Im Osten löst der Plan weniger Freude aus. Johanna Mikl-Leitner (ÖVP) meinte bei einer Pressekonferenz am Montag: "Wenn man über Lockerungen oder vorsichtige Öffnungen nachdenkt, braucht es eine einheitlich bundesweite Strategie." Ähnlich sieht das Bildungsminister Heinz Faßmann (ÖVP), in der selben Pressekonferenz auf regionale Öffnungen von Hochschulen angesprochen. Er würde "eher" einheitliche Regelungen bevorzugen: "Weil sich das Infektionsgeschehen ja auch verändert und dann ist einmal Kärnten dran, dann vielleicht das Burgenland."

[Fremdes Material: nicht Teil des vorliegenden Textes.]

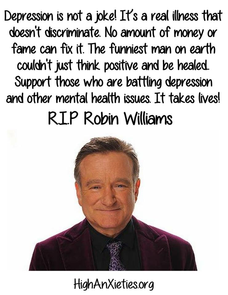 We all woke up this morning a little sadder upon hearing the news that Robin Williams died yesterday of an apparent suicide. I knew of his battles with drugs and alcohol over the past years, but the depression he also battled was a great shock, as I guess it was to most of us. I can only guess behind all that humor, was a sad man crying out for help.

Was man aus Schladming gelernt hat

Neben dem schwierigen politischen Interessensausgleich haben die regionalen Öffnungen haben aber noch einen anderen Haken: „Je kleiner die Einheit, desto größer sind die Ausweichbewegungen“, sagt ein Mitglied der Corona-Kommission: Das habe man gesehen, als etwa im Oktober des Vorjahres Salzburg seien Sperrstunde auf 22.00 Uhr vorverlegte, und sich daraufhin ein Party-Tourismus nach Schladming entwickelte, wo die Lokale länger offen hatten.

Die Empfehlung lautet daher: Wenn regionale Maßnahmen kommen, dann nicht auf Gemeindeebene, sondern gleich für ein ganzes Bundesland.